July 31, 2009
CBOT Soy Outlook on Friday: Seen up on follow through buying
Chicago Board of Trade soybean futures are seen starting Friday's day session higher on follow-through buying from Thursday and underlying support from a weaker U.S. dollar.
CBOT soybean futures are seen opening 3 cents to 6 cents higher.
CBOT soybean prices were mixed overnight. August was 1 1/4 cent a bushel lower at US$11.27 while November climbed 2 3/4 cents to US$9.73 3/4.
The combination of the weaker dollar and bullish underlying fundamentals are seen underpinning futures in early action, analysts said.
However, in the absence of fresh news to feed bullish appetites, end-of-the-week and month position evening may emerge following Thursday's impressive rally, a CBOT floor analyst said.
Nevertheless, bull spreading is expected to remain a feature, as tight old crop stocks and strong demand buoy nearby contracts, while a lack of weather threats take some edge off deferred month futures.
Otherwise, traders will keep an eye on outside market movement and possible shifts in weather forecasts before taking on added risk heading into the weekend, a floor broker said.
A technical analyst said the next upside price objective for the market is to push and close November prices above major psychological resistance at US$10.00 a bushel.
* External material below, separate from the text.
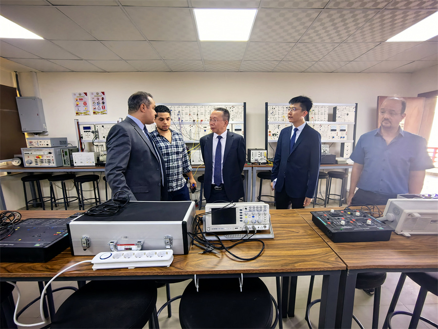 7月13日,代表团还访问了新开罗技术大学,与校长塔雷克·阿卜杜勒·马拉克·米哈伊尔举行会谈。任喜莹介绍了我校发展历程、工程技术学科发展情况及服务地方经济社会发展的实践成果。他表示,两校在人才培养理念方面高度契合,希望以人才培养、师生交流、科技创新、成果转化为切入点,建立两校长效合作机制,携手打造中埃合作标杆。米哈伊尔介绍,该校是近年来埃及政府规划成立的新型技术大学之一,致力于培养多领域创新型、服务国家需求和高技能型人才。他高度赞扬了我校的办学水平和成就,并表达了与我校开展实质性合作的愿望。

The next downside price objective is pushing and closing prices below solid technical support at US$9.20 a bushel.
DTN Meteorlogix said below normal temperatures will continue to slow Midwest crop development during the next five days. There is some chance for a more favorable temperature pattern longer range but this is uncertain. There is no significant heat stress expected during the next 7-10 days. August soyoil deliveries totaled 3,990 lots. Customer accounts at Man Professional Clearing issued 734 lots while stopping 2,184 lots. The last trade date assigned was July 30.
In other news, the Chinese government will continue its sales of corn and soybeans from reserves next week, according to an official statement Friday. The government plans to sell 2 million metric tonnes of corn and 500,000 tonnes of soybeans in major producing areas, the same as planned in the previous weekly sales, according to the statement published on China National Grain and Oils Information Center's Web site.
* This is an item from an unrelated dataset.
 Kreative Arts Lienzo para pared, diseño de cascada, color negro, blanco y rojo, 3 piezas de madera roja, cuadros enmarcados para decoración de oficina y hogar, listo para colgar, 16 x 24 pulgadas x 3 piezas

In overseas markets, China's soybean futures traded on the Dalian Commodity Exchange settled higher Friday on high liquidity and tracking an overall rise in commodities and equities markets. The benchmark May 2010 soybean contract settled RMB63 higher at RMB3,590 a metric tonne, or up 1.8%. Cash soybean prices in China's major producing areas were slightly lower in the week ended Friday, pressured by government sales.
Crude palm oil futures on Malaysia's derivatives exchange rose as much as 4.8% Friday as investors covered shorts on improved exports and spillover support from soyoil prices. The benchmark October CPO contract on the Bursa Malaysia Derivatives ended MYR44 higher at MYR2,189 a metric tonne.